Congratulations to Associate Professor Patricia Kao, MD, MS, Nephrology, who is a recipient of an AAIM (Alliance for Academic Internal Medicine) Innovation Grant for FY 2018-2019. Dr. Kao is one of ten recipients chosen from a national pool of over 100 applicants.
These AAIM grants support medical education innovations that address unmet needs or gaps in current educational approaches. The grants are funded by an unrestricted educational grant from Aquifer, a non-profit organization known and respected for its health care educational courses.
The focus of Dr. Kao’s project is the Washington University Teaching Physician Pathway (WUTPP) curriculum. The program, developed by Kao, prepares medicine residents with the required knowledge and skills to become inspired clinician educators. The WUTPP is the first structured resident teaching physician pathway here at Washington University.
“In this modern age of medical education innovation and reform, it is crucial to train our young physicians to be future leaders in active learning methodologies, so that they will be competent at engaging learners of all levels,” says Kao, who is also a recipient of the prestigious Carol B. and Jerome T. Loeb Teaching Fellowship.
For her AAIM study, Dr. Kao will compare different assessment tools of resident teaching that measure learner engagement and the activity of the classroom. The tools included in this study are video-based feedback, self- and peer- assessment and feedback using surveys and interviews, and the OPAL tool (Observation Protocol for Active Learning).
OPAL was developed by the Teaching Center and CIRCLE (Center for Integrative Research on Cognition, Learning and Education) at Washington University St. Louis, and has been used extensively in STEM education.
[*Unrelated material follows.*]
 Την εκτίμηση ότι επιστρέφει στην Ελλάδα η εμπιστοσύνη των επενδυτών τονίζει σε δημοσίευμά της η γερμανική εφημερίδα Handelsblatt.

“I am excited to be collaborating with talented educators and researchers from the Teaching Center and CIRCLE for this project,” says Dr. Kao. Her project will be the first time OPAL has been studied in medical education, and it will provide WUTPP residents with an objective form of feedback for their teaching.
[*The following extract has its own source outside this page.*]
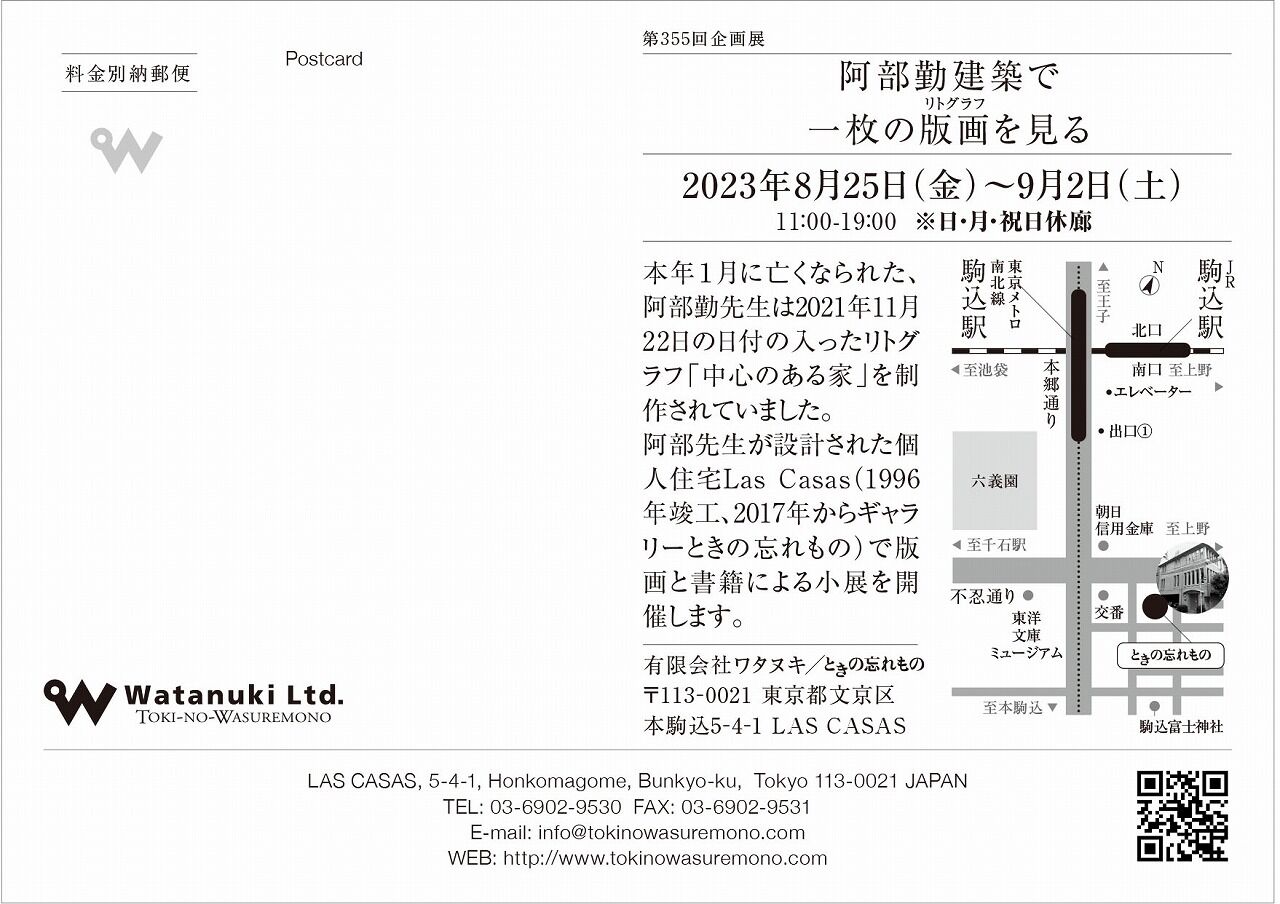 ときの忘れものは追悼の心をこめて、阿部先生が設計された個人住宅Las Casas(2017年からギャラリーときの忘れもの)で版画と書籍による小展を8月25日(金)~9月2日(土)に開催します。

In addition to being the current director of WUTPP, now in its second year, Dr. Kao has developed a new Medical Education Fellowship for the Division of Medical Education (Department of Medicine), which will launch in July 2018 with its first fellow. This is a one-to-two year fellowship for medicine residents who have completed their medicine residency training and wish to pursue additional training in medical education scholarship, pedagogy, curriculum design, and leadership.
Dr. Kao is also collaborating with colleagues in nephrology and internal medicine to evaluate WUSM’s curricula in inpatient and ambulatory renal disease for medicine residents and medical students. This is in preparation for longitudinal curriculum reform, the goal of which will be to increase face time between nephrologists and trainees, expose learners to more diverse aspects of nephrology, and hopefully spark interest amongst more residents and students to pursue careers as nephrologists.
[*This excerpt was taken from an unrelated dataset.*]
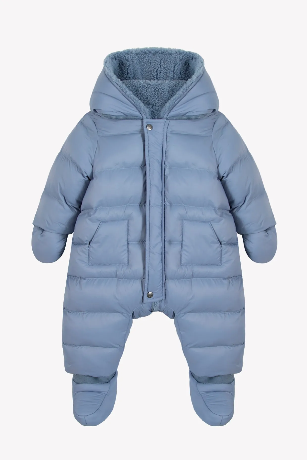 Ce pilote bleu grisé pour bébé garçon allie praticité et douceur avec sa version réversible. Le côté déperlant protège des petits temps humides, tandis que l’intérieur en imitation fourrure assure un confort douillet. Gants et chaussons inclus complètent cet indispensable pensé pour les premiers froids. Les chaussons ne sont pas inclus pour les tailles 18M et 2A.

In addition to her educational initiatives, Dr. Kao is an involved mentor. She mentors 4th year medical students, medicine residents and renal fellows in clinical case development for undergraduate medical school courses in physiology, pharmacology, and pathophysiology, enhancing longitudinal clinical themes throughout the pre-clinical curriculum.
Kao is currently supervising medicine residents as they re-design the curriculum for the Intern Ambulatory Care Rotation, and she serves as a mentor for the Division of Medical Education’s Mentors in Medicine program (MiMs). She is also working with several medicine residents on projects involving near-peer teaching, peer-peer teaching, and inter-professional education in undergraduate and graduate medical education.